Ich bin dankbar, daß die Antidepressiva mir wieder ermöglicht haben nach draußen zu gehen, wieder am Leben teilhaben zu können. Und bei den mir gegebenen Möglichkeiten ist das schon verdammt viel Wert!

Wie gesagt, bestimmte Gegebenheiten kann man im Leben nicht ändern die einen krank machen. Und sein ganzes Ich kann man nicht einfach umpolen oder alles akzeptieren wie es läuft. Man kann auch nicht immer lernen und akzeptieren etwas hinzunehmen, was einen krank macht. Da kann man bis an sein Lebensende Verhaltenstherapie machen, helfen wird es nicht.

Ich bin froh, daß ich wieder am Leben teilhaben kann!

20.06.2015 17:45 • #53


HeikoEN
Zitat von Kern12:
Zitat:
Wer heilt, hat Recht.

"DBT hat moderate also mittlere Effekte erzielt" Heilung ist anders.

Völlig richtig, aber das war nicht der Ausgangspunkt. Es ging mir vielmehr darum, z.B. mit DBT zu beweisen, dass die Schulmedizin sehrwohl auch auf diese Verfahren setzt, die Du alle als Hokuspokus aburteilst.

Zitat von Kern12:
Wieso werden denn zB Soldaten von der Bundeswehr wegen PTBS verrentet?

Weil den Therapeuten offenbar eine adäquate Methode für diese Monotraumatisierung NICHT zur Verfügung steht.

Zitat von Kern12:
Weil ihnen der EMDR/DPT/MBSR-Therapeut fehlt?
In der US-Army war man ja anfangs wegen der EMDR-Begeisterung anfangs immer ein EMDR-Therapeut anwesend. Half nichts.

Das sind alles Geschichten, um den Leuten Fortschritt vorzugaukeln, wo es keinen gibt.

Das ist eine starke Verallgemeinerung ohne Differenzierung, was schwierig ist, da z.B. auch die hiesige Schulmedizin Gesetzmäßigkeiten an fünft Patienten festmachen, die sie in den Hörsaal schieben.

Und SE hilft sehrwohl, z.B. bei den Opfern der Flutkatastrophe usw., da es darüber Berichte gibt, die das ausweisen.
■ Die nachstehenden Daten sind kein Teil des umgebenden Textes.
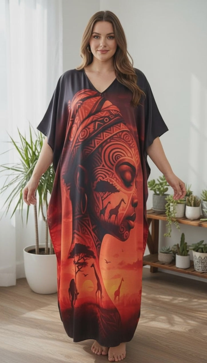 Black Lady Print Satin Plus Size Caftan for Women
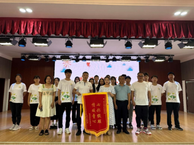 活动最后,赠旗仪式为这场结业典礼划上了完美的句点。白洋小学的领导老师们手持一面精美的锦旗,走向了服务队的成员们。领导的步履稳健,面带微笑,锦旗上绣着金光闪闪的字体,充满了对服务队成员们的感激与敬意。在全体目光的注视下,SUNBET申博陈龙老师代表服务队接过锦旗并共同合影留念。那一刻,服务队的成员们脸上都流露出由衷的喜悦和满足。他们知道,这不仅仅是一面锦旗,更是对他们辛勤工作的肯定和对他们志愿精神的赞扬。
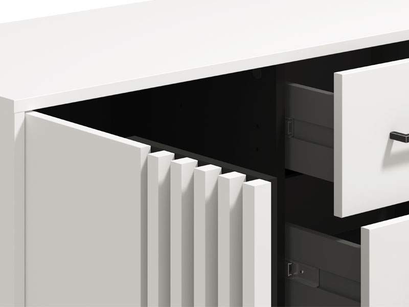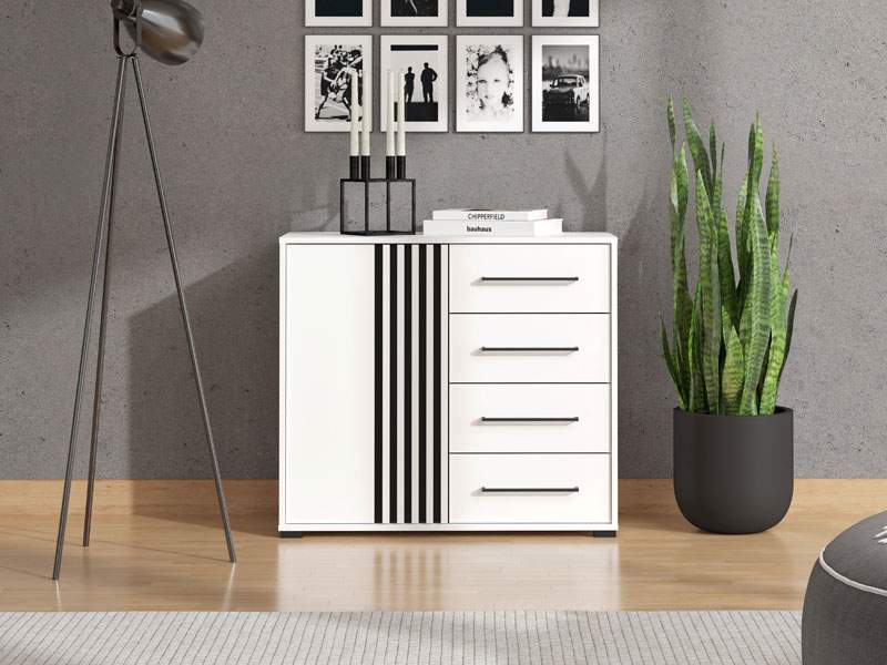 Komoda ASCALON 2K4F 90 u kombinaciji opak bijelog dekora, crnog dekora i bijele mat folije, moderno je dizajniran i autentičan komad nameštaja koji će, doprineti kako estetici, tako i funkcionalnosti ambijenta spavaće sobe. Odlično raspoređen upotrebni prostor čine četiri praktične fioke u desnom dijelu, kao i zatvoreni pregradni dio sa lijeve strane.
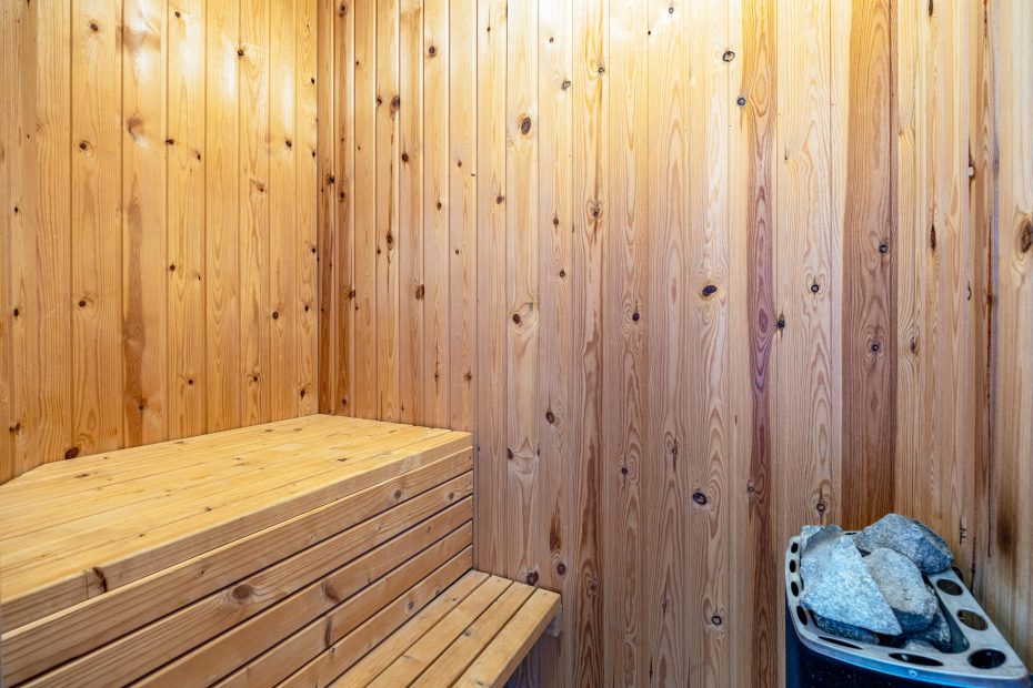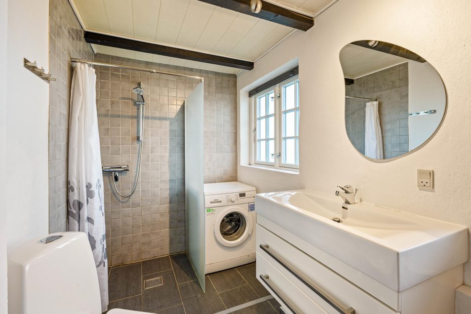 Badeværelse med gulvvarme, vaskemaskine og sauna
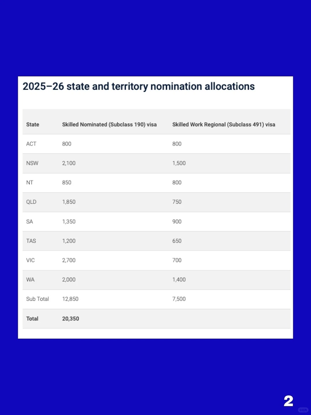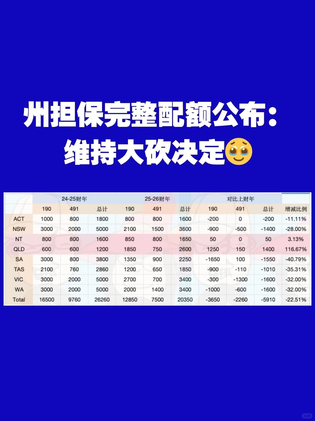 其他州都是减少,190减少最多的是SA,被大砍1650,WA也被减少1000个,NSW和TAS各减少900个,VIC减少300个,堪培拉减少200。

Das alles als Hokuspokus abzuurteilen, weil Du eine Erfahrung mit EMDR gemacht hast, halte ich für eine gewagte Meinung.

Zitat von Kern12:
Zitat:
Das Zusammenhänge und Gesetzlichkeiten wirklich in die Lehre einziehen, ist nunmal ein langwieriger Prozess. Das z.B. Meditation und sogar (kein Witz) Schamanismus wirksam sind, ist bereits ansatzweise wissenschaftlich bewiesen.

Ja, es wirkt, aber WIE?
Wirkt es gegen Depression? Kann man sich aus der Depression rausmeditieren?

Bin ich auf Depressionen im Besonderen eingegangen? Ich glaube nein, also was soll dieses abheben darauf und kleinreden? Hallo?
MIR geht es nicht um Depression im Einzelnen oder um DEINE Depression.

Die Diskussion läuft etwas konfus, weil man vom Großen abstrahiert auf das Kleine und wieder zurück, ganz so, wie es (Dir?) gerade passt...

Wir waren bei diesem Satz an der Stelle, dass Du jede Therapiemethode oder Therapiemittel als Hokuspokus ansiehst und ich wiederum ein für Dich (hoffentlich) absurde wirkendes Beispiel mit dem Schamanismus brachte, welches definitiv Einzug in die Schulmedizin hält.

Und diese wiederum ja, wissenschaftlich basiert und fundiert ist, weil Du ja Wissenschaftler bist und Dich damit gut auskennst.

Zitat von Kern12:
Man darf die Dinge nicht durcheinander werfen:
Dinge, die etwas tun, müssen nicht genau das tun, was man sich davon wünscht.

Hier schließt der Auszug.